§ **SOURCE DATA**:
···

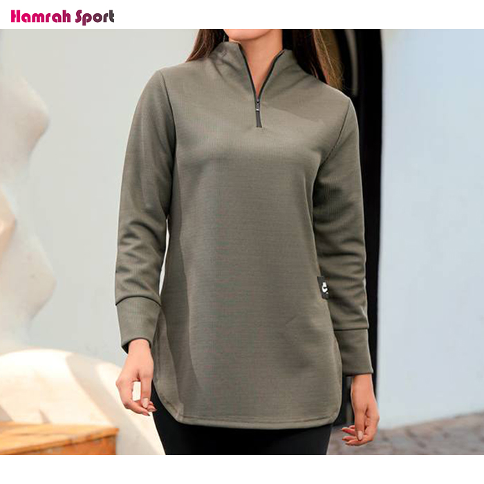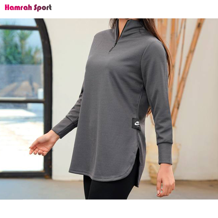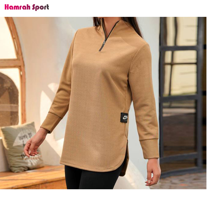 مانتو ورزشی زنانه نیم زیپ نایک NIKE مدل هلالی بیسکوئیتی اعلا
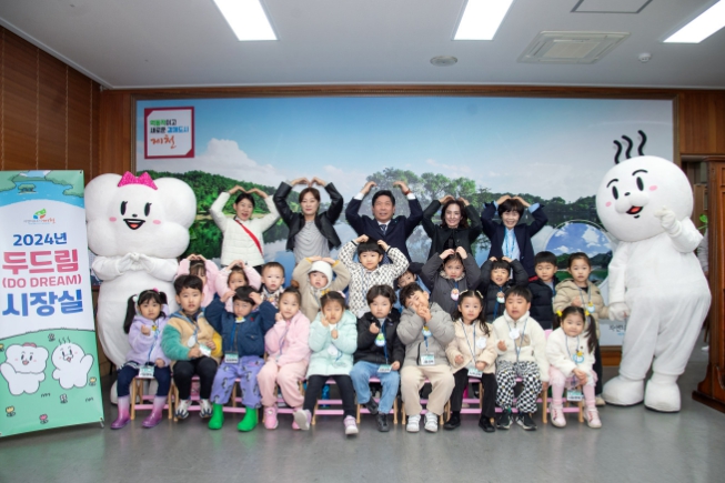 올해 첫 두드림 시장실을 방문한 샛별어린이집(원장 이현민) 21여 명의 원아들은 시장님과 반갑게 인사 후 대화의 시간을 가지고 각 시청부서 체험에 들뜬 모습을 보였다.
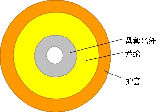 SXC單芯光纜使用單根Φ900µm或Φ600µm阻燃緊套光纖作為光傳輸介質(zhì),外覆一層芳綸作為受力加強單元,最外擠制一層聚氯乙烯(PVC)或低煙無鹵材料(LSZH,低煙、無鹵、阻燃)護套而成。
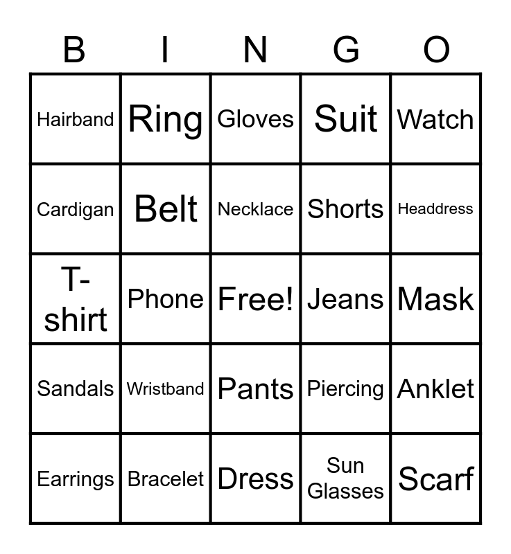This bingo card has a free space and 24 words: Wristband, Bracelet, Necklace, Earrings, Watch, Hairband, Cardigan, Ring, Jeans, Pants, Shorts, T-shirt, Piercing, Anklet, Belt, Sun Glasses, Mask, Gloves, Headdress, Phone, Scarf, Sandals, Suit and Dress.

···

Write the material above out again exactly as it reads, but don't carry over the pictures.

§ **REPLY**:
 مانتو ورزشی زنانه نیم زیپ نایک NIKE مدل هلالی بیسکوئیتی اعلا
 올해 첫 두드림 시장실을 방문한 샛별어린이집(원장 이현민) 21여 명의 원아들은 시장님과 반갑게 인사 후 대화의 시간을 가지고 각 시청부서 체험에 들뜬 모습을 보였다.
 SXC單芯光纜使用單根Φ900µm或Φ600µm阻燃緊套光纖作為光傳輸介質(zhì),外覆一層芳綸作為受力加強單元,最外擠制一層聚氯乙烯(PVC)或低煙無鹵材料(LSZH,低煙、無鹵、阻燃)護套而成。
This bingo card has a free space and 24 words: Wristband, Bracelet, Necklace, Earrings, Watch, Hairband, Cardigan, Ring, Jeans, Pants, Shorts, T-shirt, Piercing, Anklet, Belt, Sun Glasses, Mask, Gloves, Headdress, Phone, Scarf, Sandals, Suit and Dress.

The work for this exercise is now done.